Held: It is clear from the evidence produced before the District Forum that there was no deficiency in the surgery conducted in the Respondent's Nursing Home. It was done by qualified doctors and this has been confirmed by the Medical Consultant Dr. Madhusudhana Rao of the Nagarjuna Multi-specialty Hospital, where the patient was referred when her condition deteriorated. The Medical Consultant in his affidavit has opined that neither the vaginal or lung infection was the result of hysterectomy; and the latter infection was perhaps caused because the Petitioner had round worm infestation. He has further stated in his affidavit that as per the case history of the Petitioner seen by him, all precautions were taken before the Surgery by the Respondent including necessary anesthesia, blood and urine check-up. The Petitioner did not require any re-surgery and she was cured in a matter of few days by conservative treatment i.e. through medicines. The Medical Consultant has also opined that post operative even in the best hospitals, a patient can get infection. In fact 5-10% patients can develop complications and this does not necessarily imply any fault or negligence on the part of the doctor. In the instant case, there is thus independent evidence by a medical expert to corroborate the Respondent's contention that there was no lack of skill, sincerity or diligence on his part in dealing with the Petitioner.

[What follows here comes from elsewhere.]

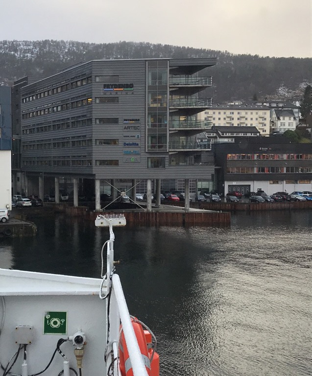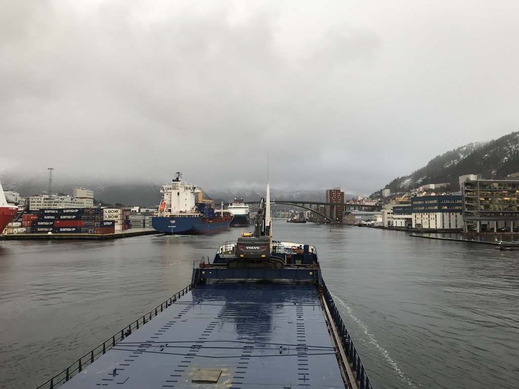 10:20 Färdig lastade och avgår mot Bergen i sedvanligt regnväder.
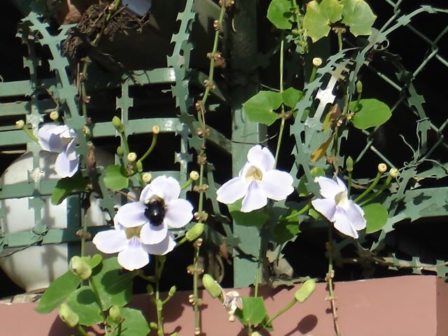 Hoa leo hàng rào với chú "phi cơ" đang hút mật

A doctor can be held guilty of medical negligence only if he fails to attend to a patient promptly and professionally and if the patient is treated by doctors who do not have the required skill, knowledge and expertise. This was clearly not so in the instant case and the Petitioner had also not produced any credible evidence to prove the allegations of medical negligence on the part of the Respondent.

The majority order of the District Forum is set aside and the order of the State Commission is upheld with no order as to cost.